Personal information
- Date of birth: 30 April 1984 (age 42)
- Place of birth: Minusio, Switzerland
- Height: 1.88 m (6 ft 2 in)
- Position: Defender

Youth career
- Malcantone Agno

Senior career*
- Years: Team / Apps / (Gls)
- 2002: Lugano / 18 / (2)
- 2003–2008: St. Gallen / 92 / (3)
- 2007: → Luzern (loan) / 9 / (0)
- 2008–2009: Bari / 0 / (0)
- 2009: → Eupen (loan) / 13 / (2)
- 2009–2010: Eupen / 30 / (5)
- 2010–2018: Lokeren / 199 / (30)
- 2018–2022: Lugano / 100 / (12)

International career
- 0000–2006: Switzerland U21 / 8 / (1)

= Mijat Marić =

Swiss footballer (born 1984)

Mijat Marić (born 30 April 1984) is a Swiss former footballer of Croatian descent, who played as a defender.

==Career==
Marić started his career at AC Lugano of Ticino, an Italian speaking region. After the bankrupt of the club, he joined FC Malcantone Agno. In summer 2003 he joined FC St. Gallen of Swiss Super League. He played 2 matches for the club before left on loan to FC Luzern until December 2007.
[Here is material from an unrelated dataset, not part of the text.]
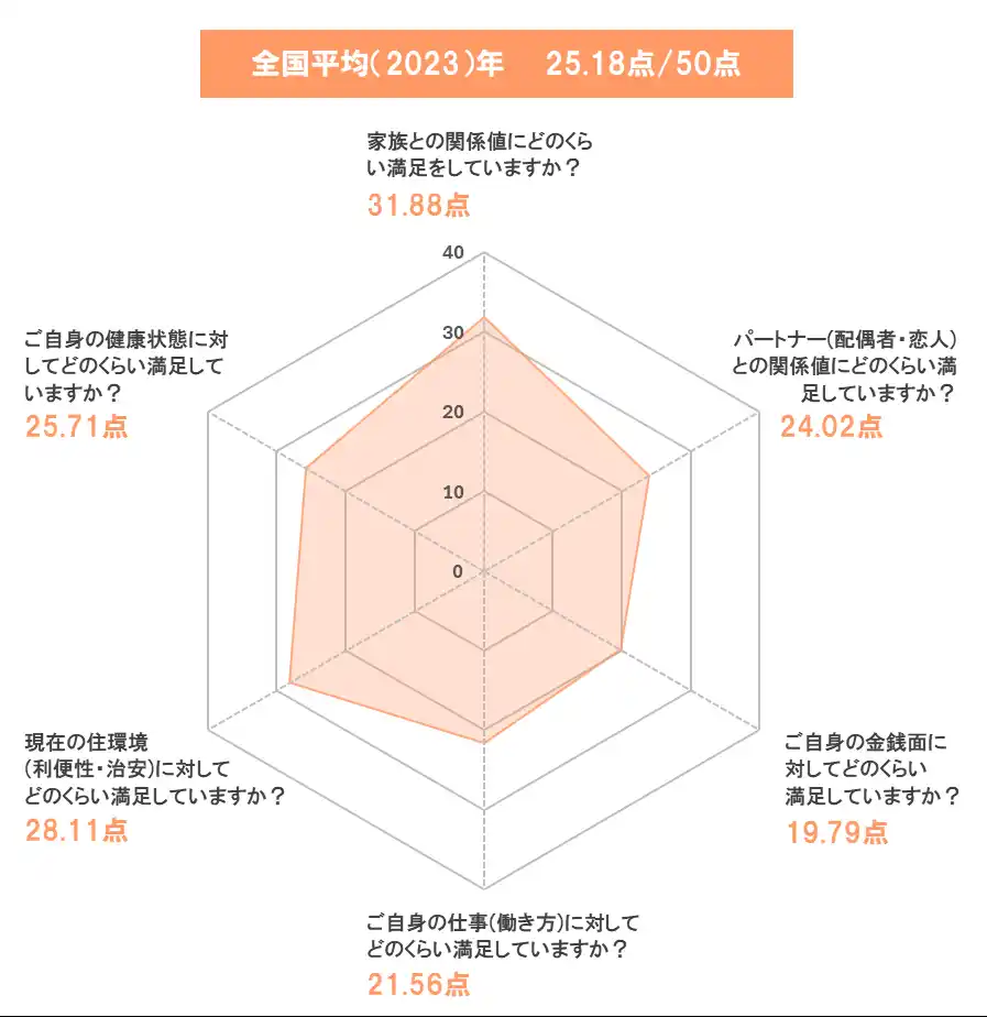 当社の幸福度調査では、「家族との関係値」「パートナー(配偶者・恋人)との関係値」「金銭面」「仕事(働き方)」「住環境」「健康状態」の6項目について、どのくらい幸福感を感じているかを調査しています。 |

In March 2007, he signed a 3-year contract with Bari on free transfer, effective on 1 July 2008.

After not getting to play any matches for Bari at Serie B, he left for K.A.S. Eupen of Belgian Second Division.

He played one year in K.A.S. Eupen and was voted for the best player in second tier of Belgium football.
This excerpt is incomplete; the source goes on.